22

I have x_data and labels separately. How can I combine and load them in the model using torch.utils.data.DataLoader?

I have a dataset that I created and the training data has 20k samples and the labels are also separate. Lets say I want to load a dataset in the model, shuffle each time and use the batch size that I prefer. The Dataloader function does that. How can I combine and put them in the function so that I can train it in the model in pytorch?

Amarnath
  • 351
  • 1
  • 2
  • 5
  • See discussion on StackOverflow here: https://stackoverflow.com/questions/41924453/pytorch-how-to-use-dataloaders-for-custom-datasets – Johannes Mar 13 '19 at 17:00
  • I found this example using TensorDataset to be helpful: https://stackoverflow.com/questions/55588201/pytorch-transforms-on-tensordataset If `x_data` and `labels` are both Pytorch tensors, you can combine them into a `TensorDataset` then create a dataloader from that TensorDataset. – littleO Jun 11 '20 at 07:54

2 Answers2

16

Assuming both of x_data and labels are lists or numpy arrays,

train_data = []
for i in range(len(x_data)):
   train_data.append([x_data[i], labels[i]])

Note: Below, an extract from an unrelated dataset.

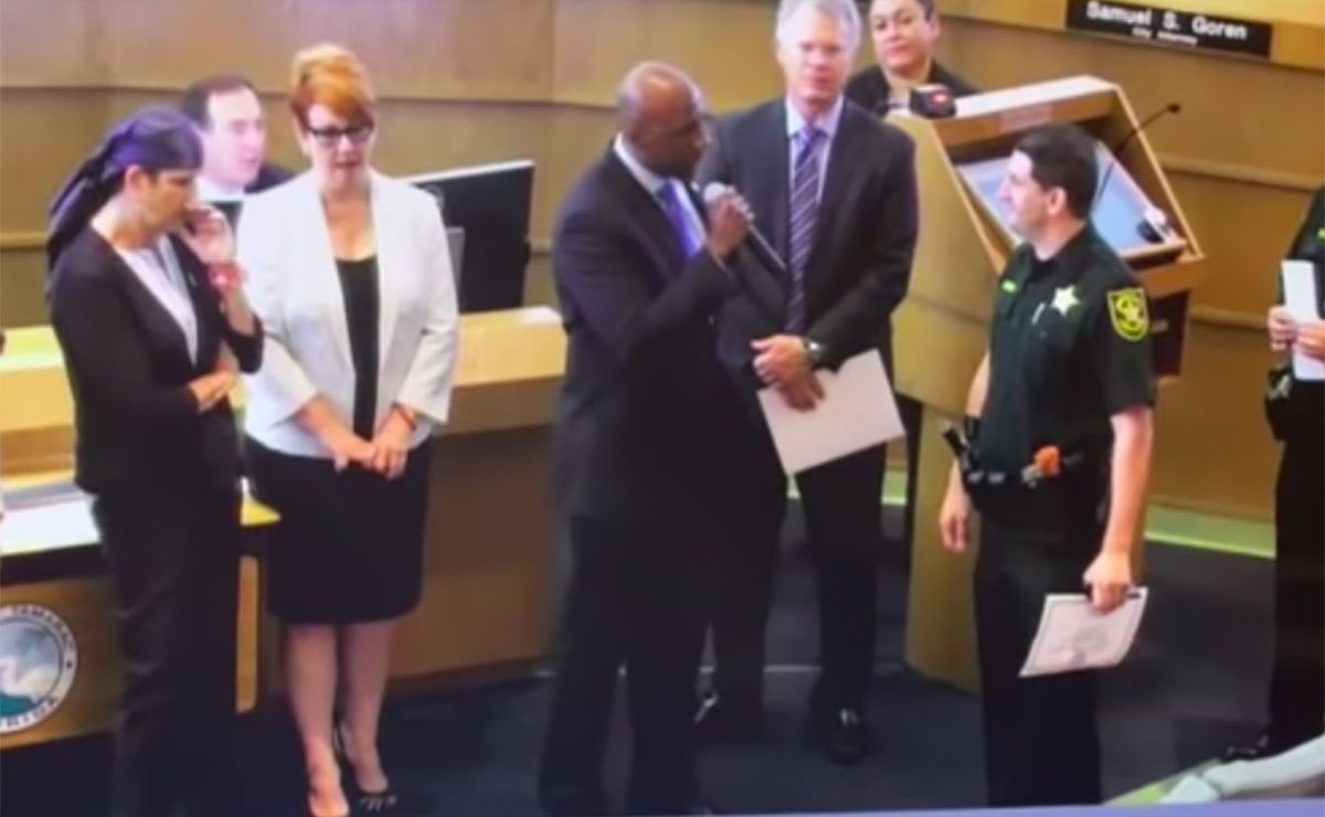 Un concejal de Tamarac, Florida, se guardó un momento especial en la carrera de un policía para tener una revancha en la vida.

trainloader = torch.utils.data.DataLoader(train_data, shuffle=True, batch_size=100)
i1, l1 = next(iter(trainloader))
print(i1.shape)
ASHu2
  • 260
  • 2
  • 6
  • I end up getting errors saying that train_data is an np.object rather than a tensor. – Gunner Stone Nov 28 '20 at 19:47
  • 2
    For me, it worked. You can even use a shorter version: `trainloader = torch.utils.data.DataLoader([ [x_data[i], labels[i]] for i in range(len(labels))], shuffle=True, batch_size=100)`. Thank you @ASHu2 – Leo Jun 15 '21 at 08:40
7

I think the standard way is to create a Dataset class object from the arrays and pass the Dataset object to the DataLoader.

One solution is to inherit from the Dataset class and define a custom class that implements __len__() and __get__(), where you pass X and y to the __init__(self,X,y).

For your simple case with two arrays and without the necessity for a special __get__() function beyond taking the values in row i, you can also use transform the arrays into Tensor objects and pass them to TensorDataset.

Run the following code for a self-contained example.

# Create a dataset like the one you describe
from sklearn.datasets import make_classification
X,y = make_classification()

# Load necessary Pytorch packages
from torch.utils.data import DataLoader, TensorDataset
from torch import Tensor

# Create dataset from several tensors with matching first dimension
# Samples will be drawn from the first dimension (rows)
dataset = TensorDataset( Tensor(X), Tensor(y) )

# Create a data loader from the dataset
# Type of sampling and batch size are specified at this step
loader = DataLoader(dataset, batch_size= 3)

# Quick test
next(iter(loader))
Johannes
  • 171
  • 3